One of the most important parts of having a living trust designed to avoid probate is to have those assets which would normally require probate assigned to the trust. By this I mean that the trust needs to be the owner of the probate-causing assets (more technically, the Trustee of the trust is the owner, but in his or her capacity as Trustee). In Idaho, one asset that will almost always implicate the need for a probate after death is real estate. So, when I help clients establish a living trust for estate planning, I also assist them in getting their real estate retitled into their trust. This typically means preparing, executing, and recording a new deed for the client’s personal residence which names the trust as the titled owner of the property going forward (again, technically, the deed shows the Trustee of the trust as the titled owner, but in their capacity as Trustee of said trust). If a client owns more than one residence, we will be repeating this process for each. 

However, there is a relatively common scenario in which I do not recommend a client retitle their real estate in the name of their living trust. That scenario is rental properties. If a client owns residential properties that the client rents out to third parties, in most cases I am not going to have the client title those pieces of real estate in the name of their living trust. Instead, I’m going to ask my client to consider establishing an Idaho Limited Liability Company (LLC) to own the real estate. There are some important reasons for this. Let’s run through them.

A common misunderstanding about living trusts is that they provide the same type of protection against liability that one can gain from an LLC. Like most states, Idaho allows for the establishment of an LLC as a corporate form for a business. When assets are owned by an LLC, if the LLC is sued, or faces other financial troubles, usually only the assets owned by that LLC are potentially vulnerable to attacks by lawsuit plaintiffs, creditors, etc. Notice that I wrote “usually” in the last sentence, because there definitely are exceptions — none of which I will get into here. 

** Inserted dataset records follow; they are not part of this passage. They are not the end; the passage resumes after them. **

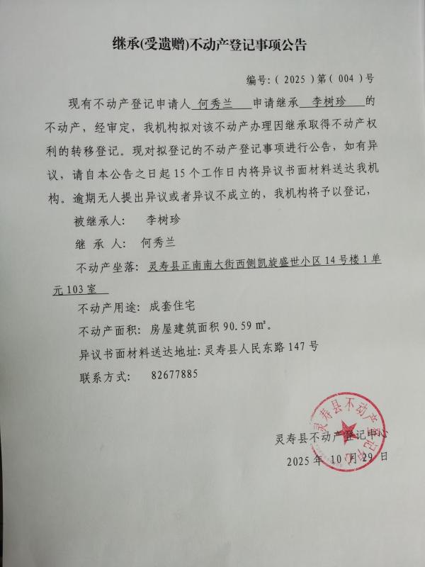 继承(受遗赠)不动产登记事项公告编号:(2025)第(004)号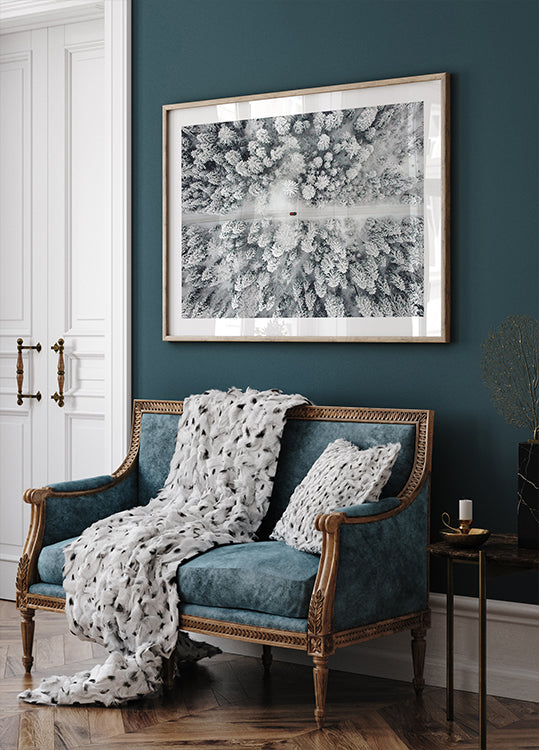 Pôster de carro vermelho dirigindo pela floresta nevada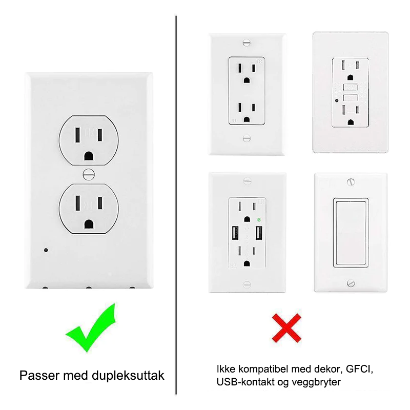 • Ikke kompatibel med GFCI-uttak, dekor, USB-kontakt og veggbryter!

To explore this, let’s take the example we are concerned with here: rental real estate. If my client owns a second home that he or she rents out to a third party, and his or her renter or one of the renter’s guests gets injured while at the rental property, my client could be vulnerable to a lawsuit by the injured party. If the deed for that rental home shows my client as the owner directly, or even if the deed shows my client owns that rental home through his or her living trust, my client may have some serious problems. This is because if there is a successful lawsuit against my client, and if the amount awarded to the injured party is more than the value of my client’s rental home (and any applicable insurance coverage), my client’s other personally owned assets could be the source of payment the injured party tries to collect from. In this nightmare scenario, not only is my client going to lose the rental house, but he or she will also lose other assets (maybe even his or her own personal residence) to pay the injured party. 

This danger can be dramatically reduced by establishing a simple LLC which my client can own and operate at a minimal annual cost and time commitment, but which protects my client’s other personal assets. In the example given, my client’s worst-case scenario would likely be the total loss of the rental home, but nothing else, even if the rental home was worth less than the total amount awarded to the injured person. As with all things legal, there are a myriad of rules and exceptions to the rules around this topic, but in general, having an LLC in this scenario is highly preferable. 

So back to the issue of successfully avoiding probate. If a rental real property’s deed shows an LLC as its owner, not a trust, doesn’t that mean we will have to go through a probate when my client dies? What do we do when we want to get the benefits of a living trust (avoiding probate), but we also want to limit the liability that comes with owning rental real estate? In most cases, the answer is simple enough: the deed for the rental home should show the LLC as the owner, and the living trust should be the owner of the LLC. Idaho allows an LLC to be owned in a trust, and this will usually allow us to get the benefits of both the trust and the LLC. Neat trick, right? If you have any doubts about whether you’ve structured your estate plan or property ownership in the most advantageous way, talk to a qualified estate planning attorney as soon as possible. 

My law firm is currently offering free in-person, telephonic, or electronic consultations concerning creating or reviewing estate planning documents.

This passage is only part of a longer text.